City-specific files (local input parameters/datasets).

This section covers the 5 city-specific input files required to run the model.

  • Travel survey (example trips dataset). A table of all trips taken by a group of people on a given weekday. It also includes people who take no trips. This data should come from an official travel survey for the city where possible.

    • One row per trip (or stage of trip)
    • Minimal columns: participant_id, age, sex, trip_mode, trip_duration (or trip_distance)
    • Other columns: stage_mode, stage_duration (or stage_distance)
  • Injury events (example injuries dataset). A table of recorded road-traffic injury (fatality) events in a city during one or more years.NOV refers to No Other Vehicle.

    • One row per event
    • Minimal columns: victim mode (cas_mode) and strike mode (strike_mode)
    • Other columns: year, cas_age, cas_gender, weight (weight column should give number of years for which data exists if no year information is given)
  • Baseline mortality and years of life lost (example dataset).
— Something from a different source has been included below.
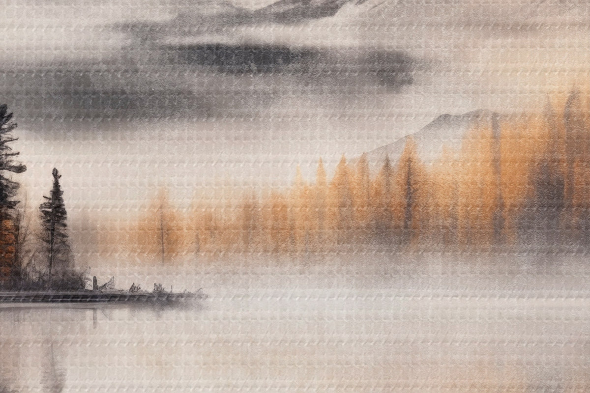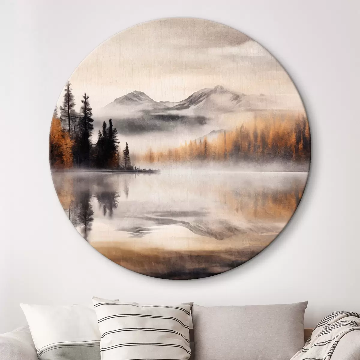 Ronde schilderijen Een mistig meerlandschap met dennenbomen en bergen, bewolkte grijze lucht Nr r44856

This gives the burden of mortality and years of life lost (YLL) for different causes of mortality and YLL. If no city-specific information exists, country level information can be used.

    • One row per health outcome/metric/age/gender combination
    • Minimal rows: Measure (death/YLL); sex_name (Male/Female); age_name (‘x to y’); cause_name (health outcome names); val (value of burden); population (number of people val corresponds to, e.g. population of country)
  • Population of city (example population dataset). This information is used to scale the baseline mortality and YLL data from the country’s value to the city’s population under study.

    • One row per demographic group
    • Columns: sex, age, population
    • age column should share boundaries with age_name in the baseline mortality and YLL data, but can be more aggregated.
  • Physical activity survey (example physical activity dataset). This is used to represent the physical activity levels in the city and should be taken from an official physical activity survey of the city where possible.

    • One row per person
    • Columns: sex, age, ltpa_marg_met (background non-transport, non-occupational weekly PA volume in mMETS hours)
Global files (global input parameters/datasets)

In order to setup the model, we need a fixed list of tables/datasets, which do not change across cities/ applied similarly to all cities and are hence referred to as “Global”, such as:

  • Health outcome interaction table. A table with a list of health outcomes related to a specific pathway such as Air Pollution and Physical Activity and also the interaction between them.

  • Air Pollution Exposure Response Functions (ERFs). These give the exposure-response relationships between air pollution (PM2.5) and its impact on health for different health outcomes. We have collected/cleaned datasets from published studies for this.

  • Physical Activity Dose-Response Functions (DRFs). These are dose-response relationships of physical activity and its impact on health for different health outcomes. Similar to air pollution, this too comes from published studies. This now sits in an independent R package called drpa.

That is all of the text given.